Durante o período de um ano, o prefeito de um município do estado do Maranhão utilizou, em proveito próprio, quatro computadores de última geração, de propriedade da prefeitura, que haviam sido adquiridos para uso da Secretaria de Educação. Durante todo esse período, tais equipamentos foram utilizados por ele e sua família.

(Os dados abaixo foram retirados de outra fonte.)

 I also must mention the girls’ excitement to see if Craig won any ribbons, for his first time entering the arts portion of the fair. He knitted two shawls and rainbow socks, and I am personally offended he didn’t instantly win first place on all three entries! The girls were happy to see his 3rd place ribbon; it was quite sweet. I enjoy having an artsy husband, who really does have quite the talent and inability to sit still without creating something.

Nessa situação hipotética, a conduta do prefeito
- A)é atípica.
Errada, porque a conduta é típica no Decreto-Lei 201/1967, que pune o uso indevido de bem público pelo prefeito.
- B)configura peculato.
Errada, porque não se trata do peculato do Código Penal em sentido estrito, mas de tipo penal especial do Decreto-Lei 201/1967.
- C)configura uma forma de peculato de uso prevista no Decretolei n.º 201/1967.

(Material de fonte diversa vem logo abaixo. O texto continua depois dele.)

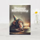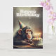 Ein Affe erstaunt sich über seinen Geburtstagskuchen mit Kerzen an.

Certa, pois o art. 1º, II, do Decreto-Lei 201/1967 tipifica a utilização indevida, em proveito próprio ou alheio, de bens públicos pelo prefeito.
- D)configura corrupção passiva.
Errada, porque corrupção passiva exige solicitar, receber ou aceitar vantagem indevida, o que não é o núcleo da conduta narrada.
- E)configura excesso de exação.
Errada, porque excesso de exação é crime ligado à cobrança indevida de tributo, totalmente diferente do uso de computadores da prefeitura.
Gabarito: C
Aqui a palavra-chave é "prefeito". Para o cidadão comum, o chamado peculato de uso costuma ser tratado como conduta atípica no Código Penal, porque o CP pune o desvio ou a subtração, mas não traz, em regra, a simples utilização temporária do bem público. Só que com prefeito a história muda: o Decreto-Lei 201/1967 criou um tipo penal próprio para isso. O art. 1º, II, do Decreto-Lei 201/1967 pune o prefeito que se utiliza, indevidamente, em proveito próprio ou alheio, de bens, rendas ou serviços públicos. Ou seja, usar computador da prefeitura em benefício pessoal e da família, por longo período, encaixa certinho na descrição legal. Não é só "pegar emprestado" e devolver depois; é uso indevido em proveito próprio. Por isso, o gabarito é a alternativa C. A banca quer que você perceba a diferença entre o tratamento do peculato de uso no Código Penal e a regra especial aplicável ao prefeito no decreto-lei. Em prova, quando aparecer prefeito + bem público + uso em benefício próprio, acenda o alerta do DL 201/1967. Em resumo: para prefeito, esse comportamento não é atípico nem depende de subtração definitiva. Basta a utilização indevida do bem público em proveito próprio ou alheio para caracterizar o crime funcional específico previsto no decreto-lei.